English actress (1901–1985)

Eileen Beldon (12 September 1901 – 3 August 1985) was an English stage and film actress. She had a successful career as a Shakespearean actress as well as in modern repertory theatre.

== Biography ==
Eileen Beldon was born on 12 September 1901 in Bradford, West Yorkshire to parents Albert Beldon and Bertha Nicholson. She attended Bradford Grammar School and the Hendon School. Beldon died on 3 August 1985.

== Career ==
Eileen Beldon made her first stage appearance at the Drury Lane Theatre on 26 December 1917 as a chorus member in a production of Aladdin. For several years thereafter she performed at the Old Vic in such roles as Maria in Twelfth Night, Audrey in As You Like It and Mopsa in The Winter's Tale. In 1920, she went on two tours throughout England. The first was in the role of Jocelyn in Sacred and Profane Love and the second was in the role of Kitty Cranford in The Great Day.
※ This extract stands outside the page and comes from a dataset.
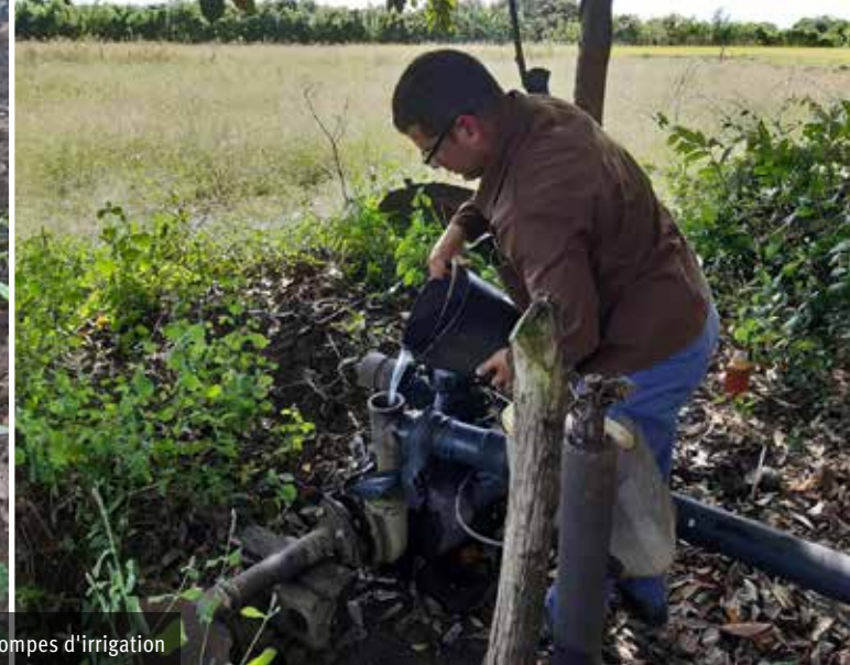
Une des actuelles pompes d'irrigation

In March 1923, she joined the company at the Birmingham Repertory Theatre with which she performed through March 1924. She again appeared with the Birmingham company for their 1944-1945 season, appearing as Paulina in The Winter's Tale and Juno in Juno and the Paycock among other roles. Beldon also appeared with the Birmingham company from 1961 through 1964.

Beldon performed in a number of original Broadway theatre productions, including Yellow Sands at the Fulton Theatre and Fallen Angels at the 49th Street Theatre, both in 1927. Other major venues at which Beldon performed include the Garrick Theatre, the Winter Garden Theatre, the Guild Theatre, and at the Edinburgh Festival. She also appeared in various films and television programs, beginning with a role as a parlormaid in the 1938 film adaptation of Pygmalion.